3. Scaffolding Systems
These systems prevent a single error from causing a cascading effect throughout the organization or agentic system [12:45:00].
- Mitigation through Compound Systems Building complex compound systems mitigates cascading errors [13:06:00].
- Human-in-the-Loop Sometimes, bringing a human back into the loop is necessary [13:12:00].
- Self-Healing Agents Stronger agents can adapt scaffolding, realizing their own errors, trying to correct their path, or pausing execution when unsure [13:16:00]. Checkpoints can be added for verification, such as for traffic conditions [13:33:00].
4. User Experience (UX)
UX is crucial for making AI agents better co-pilots [13:44:00]. Foundation models are rapidly depreciating assets [13:53:00], meaning UX truly differentiates AI apps [13:59:00]. Companies that reimagine product experiences, deeply understand user workflows, and promote “beautiful elegant human machine collaboration” will succeed [14:02:00].

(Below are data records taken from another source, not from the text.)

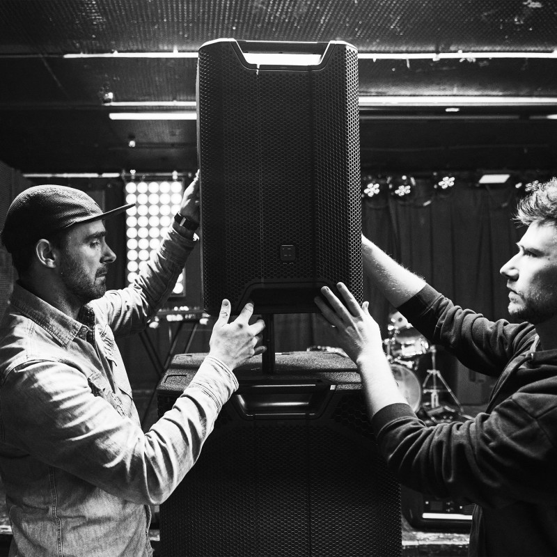 Grâce à ses rainures moulées et à ses deux puits pour mât d'enceinte M20, le caisson de graves peut être empilé en toute sécurité aussi bien à l'horizontale qu'à la verticale et intégré de manière flexible.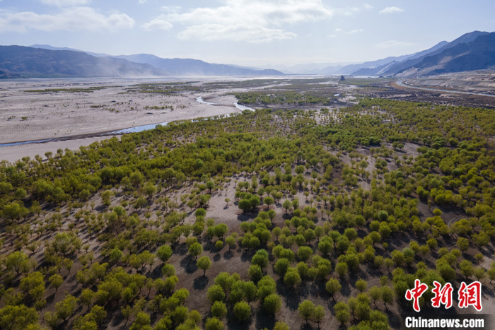 圖為(wei) 4月18日,航拍雅魯藏布江中遊北岸成片的林地。(無人機照片) 中新社記者 江飛波 攝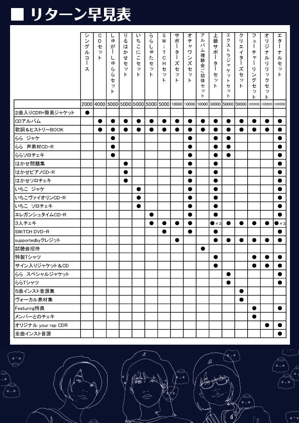 今回のプロジェクトはAll or Nothing方式とさせていただきますので、目標金額を達成できなかった場合は、アルバム及びリターンの制作は見送りとなります。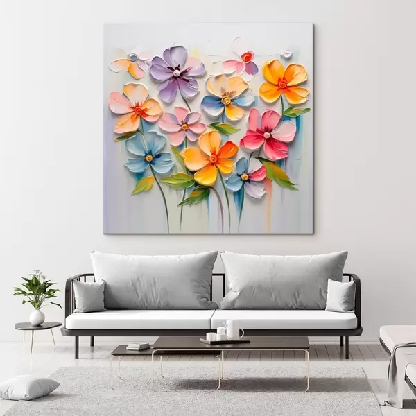 Schilderij Bloemstilleven: veelkleurige bloemen in impasto techniek Art. s45598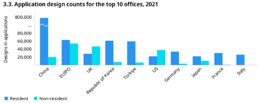 其次是欧盟(117,049项)、英国(74,781件)、韩国(69,248件)和土耳其(65,924件)。由于英国脱欧,其在2021年受理的外观设计申请比2020年增加了2.3倍,是外观设计申请数量方面在2021年第三活跃的主管局,在世界排名中上升了4位。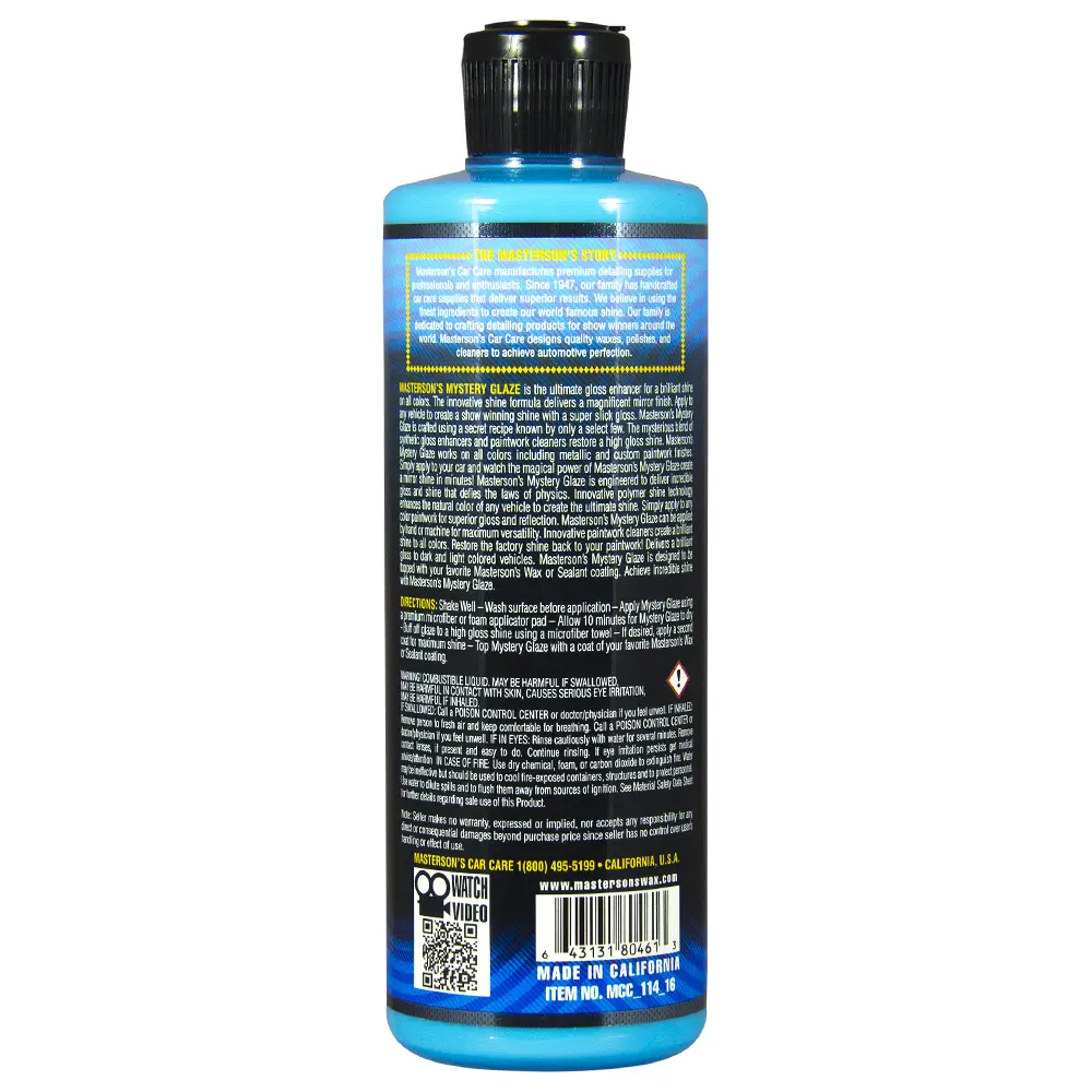 Masterson’s Mystery Glaze is the ultimate gloss enhancer for a brilliant shine on all colors. The innovative shine formula delivers a magnificent mirror finish. Apply to any vehicle to create a show winning shine with a super slick gloss. Masterson’s Mystery Glaze is crafted using a secret recipe known by only a select few. The mysterious blend of synthetic gloss enhancers and paintwork cleaners restore a high gloss shine. Masterson’s Mystery Glaze works on all colors including metallic and custom paintwork finishes. Simply apply to your car and watch the magical power of Masterson’s Mystery Glaze create a mirror shine in minutes! Masterson’s Mystery Glaze is engineered to deliver incredible gloss and shine that defies the laws of physics. Innovative polymer shine technology enhances the natural color of any vehicle to create the ultimate shine. Simply apply to any color paintwork for superior gloss and reflection. Masterson’s Mystery Glaze can be applied by hand or machine for maximum versatility. Innovative paintwork cleaners create a brilliant shine to all colors. Restore the factory shine back to your paintwork! Delivers a brilliant gloss to dark and light colored vehicles. Masterson’s Mystery Glaze is designed to be topped with your favorite Masterson’s Wax or Sealant coating. Achieve incredible shine with Masterson’s Mystery Glaze. Directions: Shake Well – Wash surface before application – Apply Mystery Glaze using a premium microfiber or foam applicator pad – Allow 10 minutes for Mystery Glaze to dry - Buff off glaze to a high gloss shine using a microfiber towel – If desired, apply a second coat for maximum shine – Top Mystery Glaze with a coat of your favorite Masterson’s Wax or Sealant coating.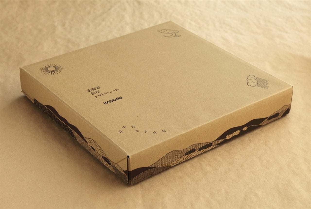 「北海道余市トマトジュース」は、トマトの定植や収穫作業を障がいを持つ方の雇用機会にするため、北海道余市町の生産者水尻さんとカゴメが二人三脚で作り上げたトマトジュースです。「トマト栽培で障がいを持つ方と地域の農業を元気にしたい」という思いが詰まっております。化粧箱の外周には、余市町の魅力を存分に伝えるため、水尻農園の近くにある高台から余市町を360度見渡した風景を描いております。原料となるトマトは、当社が10 年がかりで開発した「爽果(さやか)」を使用しており、青臭みが少なく、酸味と甘みの絶妙なバランスが特徴です。非常にデリケートなこのトマトは、皮が薄く割れやすい為、水尻さんが日々畑の様子を見ながら生育状況を見守り、最適なタイミングで丁寧な手収穫を行っています。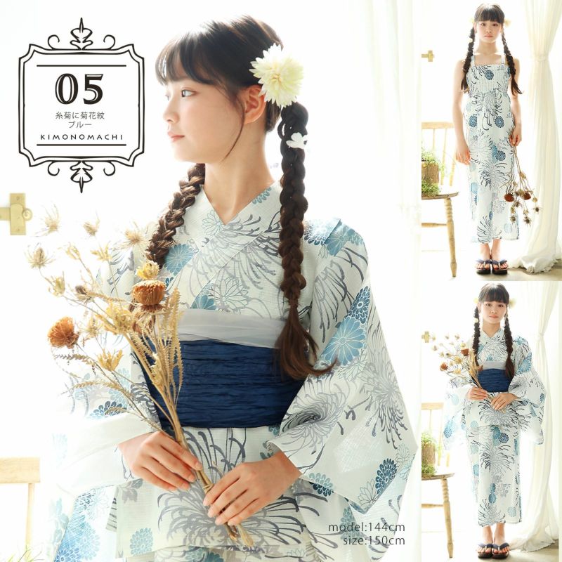 浴衣:アイボリーの地に、グレーと青紫のぼかしの入った大きな糸菊の花。紺や浅葱色、ブルーグレーの菊の花紋にグレーの葉。糸菊の繊細な華やかさとシックな配色が大人っぽい雰囲気です。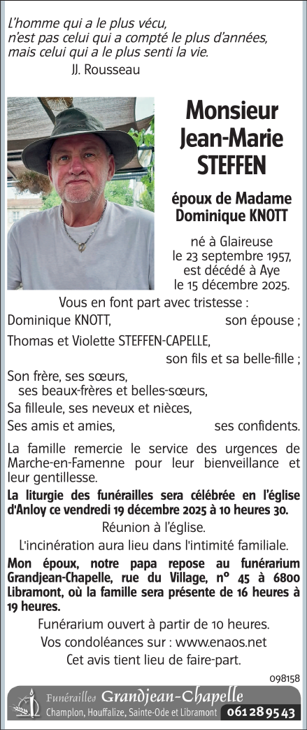 Died in Aye (6900) on 15 December 2025 at the age of 68 years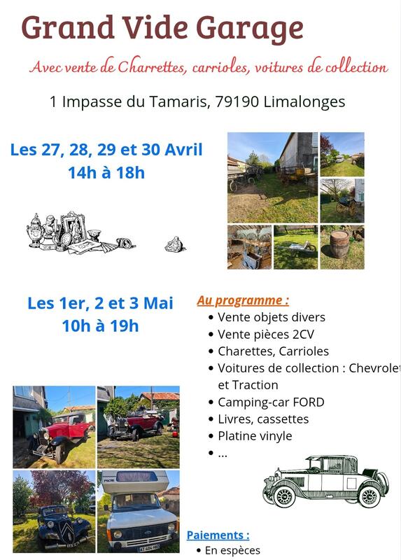 Grand vide garage avec vente de charrettes, carrioles, voitures de collection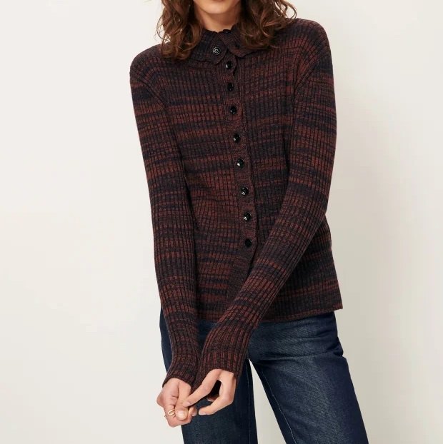 Rebeca en punto acanalado realizado con hilos moteados y degradados.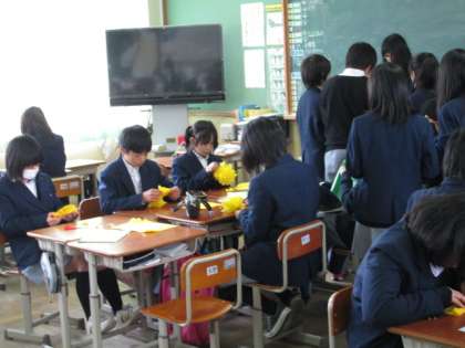 3月4日6限、1年生は「3年生を送る会」の取り組み中です。お世話になった3年生の先輩に心を込めて。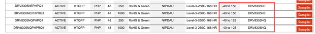 根据开发版的bom资料,显示8305的物料号为DRV8305NPHPQ1(没有说明是NQ还是NE)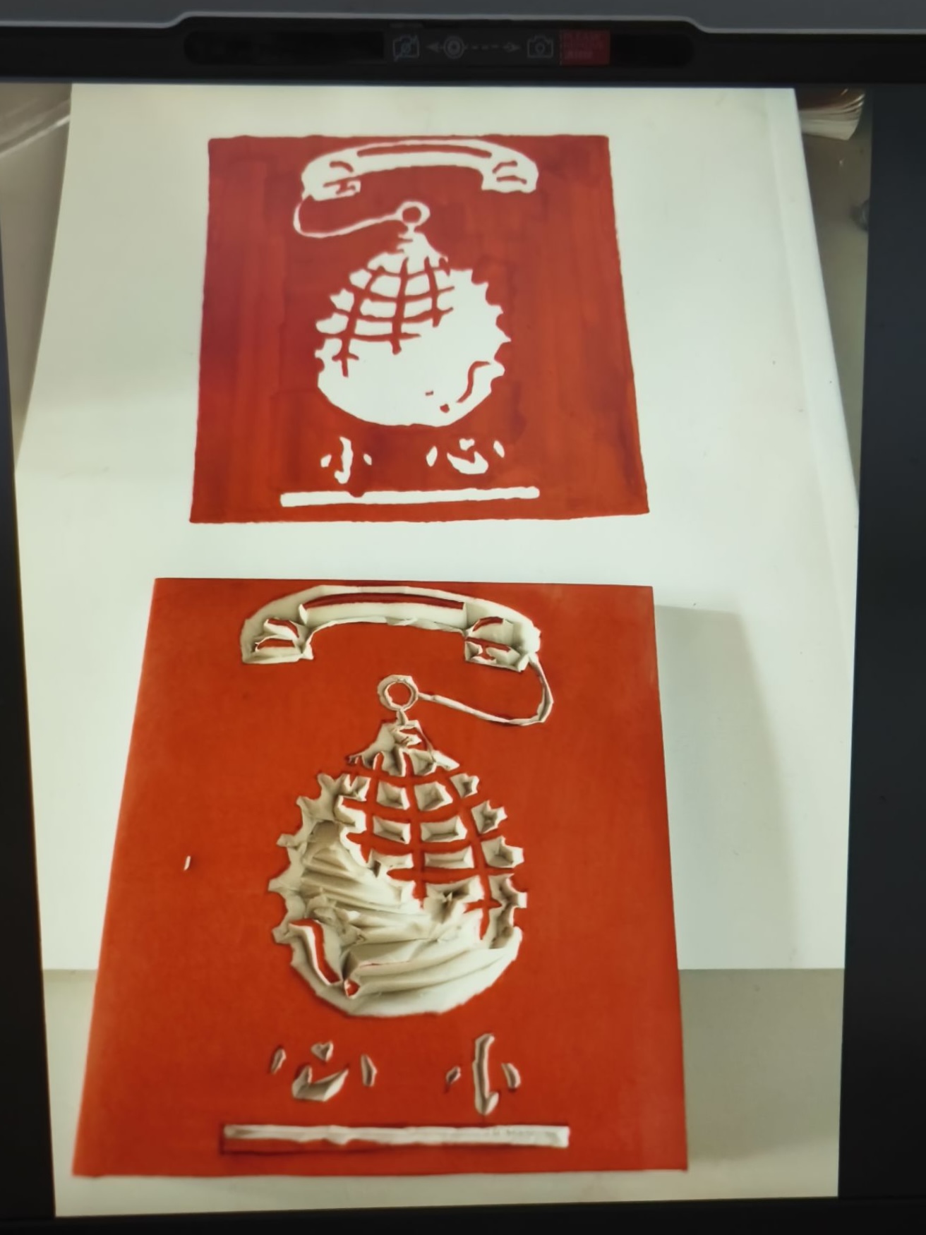 2024级4班刁新颖同学带来的作品——反诈宣传橡皮章,构思巧妙。她将电话线与炸弹相连,电话线作为日常通讯工具,却常被诈骗分子利用,炸弹则象征诈骗带来的危害,下方“小心”二字更是直白警示。这件作品宛如反诈小卫士,提醒人们在享受通讯便利时,时刻警惕诈骗风险。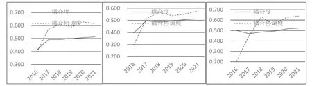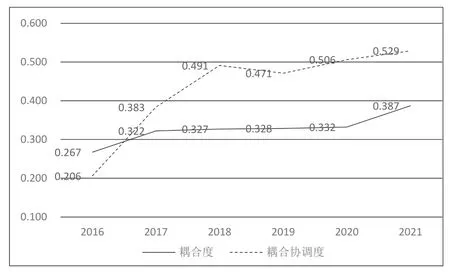 图2 各子系统耦合度和耦合协调度(2016—2021年)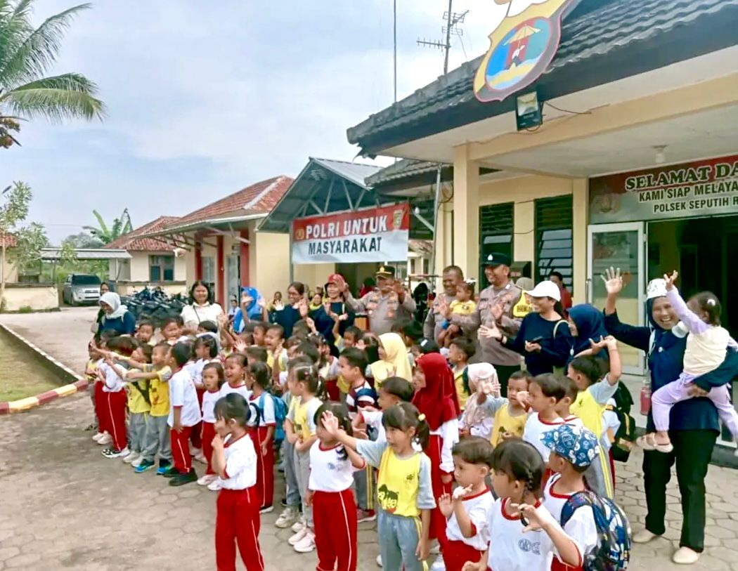 Dengan penuh keceriaan, puluhan anak-anak dari Paud dan TK Cerdas Ceria datang berkunjung ke Mapolsek Seputih Raman untuk mengenal lebih dekat tugas-tugas Kepolisian.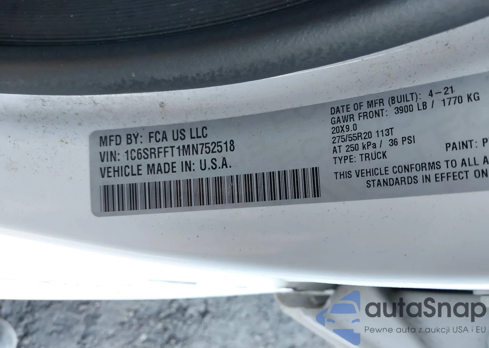 • VIN 1C6SRFFT1MN752518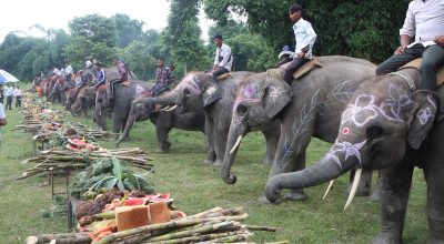 On the occasion of the 14th International Elephant Day–2025, elephants were treated to their favorite delicacies on Tuesday in Sauraha,

- Contextual Understanding Asking clarifying questions to fully understand user intent [14:13:00].
- Predictive UX Understanding the user’s psyche to predict their next step [14:20:00].
- Seamless Integration Integrating seamlessly with legacy systems to create real ROI [14:27:00].
Lux Capital is particularly interested in new AI Frontier companies with proprietary data sources and deep understanding of specific user workflows, such as those in robotics, hardware, defense, manufacturing, and life sciences [14:51:00].
5. Multimodality
Moving beyond the chatbot interface, building multimodally can create a 10x more personalized user experience [15:22:00]. This involves making AI more human by adding “eyes and ears nose a voice” [15:43:00].
- Sensory Integration Significant improvements are seen in voice, and efforts are underway in smell (e.g., Osmo) and touch to instill a more human feeling and embodiment with robotics [15:49:00].
- Memories The ability to make AI truly personal and know a user on a deeper level [16:07:00].
- Visionary Products Reframing the definition of “perfection” to humans means creating products so new and visionary that they exceed expectations, even if inconsistent [16:18:00]. An example is Tlop, which reimagines the visual canvas by implementing AI through brush strokes and combining multiple AI models seamlessly [16:28:00].
In summary, while 2025 presents a perfect storm for AI agents, they are not yet fully realized due to cumulative errors leading to wrong answers, preferences, criteria, and human expectations [16:51:00]. Overcoming these challenges requires data curation, effective evaluations, scaffolding systems, and a strong focus on user experience and multimodality to create innovative product experiences [17:09:00].